(Dataset excerpts)
——————
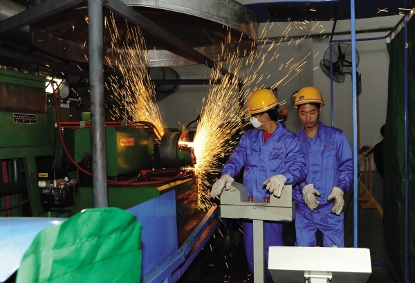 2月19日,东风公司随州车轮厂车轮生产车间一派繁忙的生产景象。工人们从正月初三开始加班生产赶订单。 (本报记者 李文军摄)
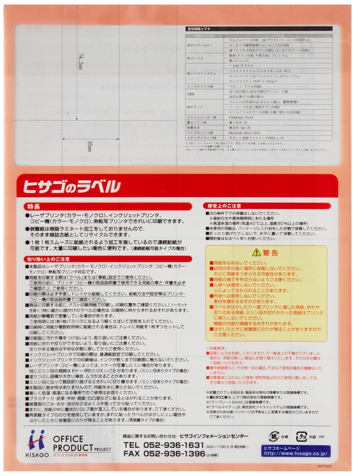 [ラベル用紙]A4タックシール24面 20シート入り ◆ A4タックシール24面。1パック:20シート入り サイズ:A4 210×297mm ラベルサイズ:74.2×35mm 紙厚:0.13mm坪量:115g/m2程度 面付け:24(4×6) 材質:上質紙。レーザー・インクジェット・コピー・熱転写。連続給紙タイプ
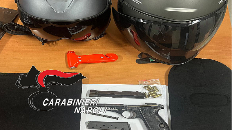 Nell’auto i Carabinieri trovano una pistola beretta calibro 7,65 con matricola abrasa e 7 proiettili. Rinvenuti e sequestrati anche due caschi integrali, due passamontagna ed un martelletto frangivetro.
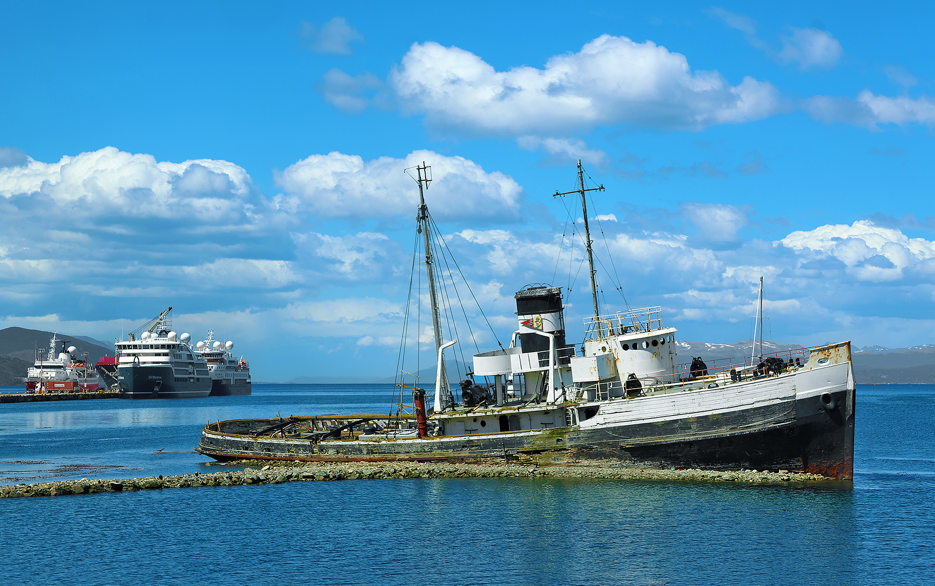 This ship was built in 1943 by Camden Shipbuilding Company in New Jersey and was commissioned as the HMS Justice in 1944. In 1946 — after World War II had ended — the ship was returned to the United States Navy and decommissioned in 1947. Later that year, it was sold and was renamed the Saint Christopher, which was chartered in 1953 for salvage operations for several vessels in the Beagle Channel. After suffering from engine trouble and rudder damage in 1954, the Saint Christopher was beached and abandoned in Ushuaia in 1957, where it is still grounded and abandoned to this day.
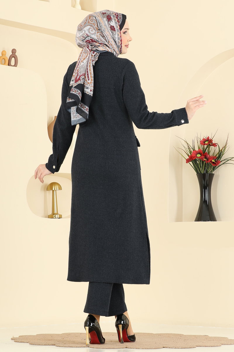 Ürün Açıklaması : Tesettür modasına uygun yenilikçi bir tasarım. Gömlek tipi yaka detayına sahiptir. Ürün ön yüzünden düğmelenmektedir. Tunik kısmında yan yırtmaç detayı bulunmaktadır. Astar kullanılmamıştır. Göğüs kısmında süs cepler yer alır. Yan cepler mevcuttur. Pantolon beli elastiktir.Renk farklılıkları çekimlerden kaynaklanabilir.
——————
Output every entry exactly as given; pictures are not part of the copy.

** Expected output **
 2月19日,东风公司随州车轮厂车轮生产车间一派繁忙的生产景象。工人们从正月初三开始加班生产赶订单。 (本报记者 李文军摄)
 [ラベル用紙]A4タックシール24面 20シート入り ◆ A4タックシール24面。1パック:20シート入り サイズ:A4 210×297mm ラベルサイズ:74.2×35mm 紙厚:0.13mm坪量:115g/m2程度 面付け:24(4×6) 材質:上質紙。レーザー・インクジェット・コピー・熱転写。連続給紙タイプ
 Nell’auto i Carabinieri trovano una pistola beretta calibro 7,65 con matricola abrasa e 7 proiettili. Rinvenuti e sequestrati anche due caschi integrali, due passamontagna ed un martelletto frangivetro.
 This ship was built in 1943 by Camden Shipbuilding Company in New Jersey and was commissioned as the HMS Justice in 1944. In 1946 — after World War II had ended — the ship was returned to the United States Navy and decommissioned in 1947. Later that year, it was sold and was renamed the Saint Christopher, which was chartered in 1953 for salvage operations for several vessels in the Beagle Channel. After suffering from engine trouble and rudder damage in 1954, the Saint Christopher was beached and abandoned in Ushuaia in 1957, where it is still grounded and abandoned to this day.
 Ürün Açıklaması : Tesettür modasına uygun yenilikçi bir tasarım. Gömlek tipi yaka detayına sahiptir. Ürün ön yüzünden düğmelenmektedir. Tunik kısmında yan yırtmaç detayı bulunmaktadır. Astar kullanılmamıştır. Göğüs kısmında süs cepler yer alır. Yan cepler mevcuttur. Pantolon beli elastiktir.Renk farklılıkları çekimlerden kaynaklanabilir.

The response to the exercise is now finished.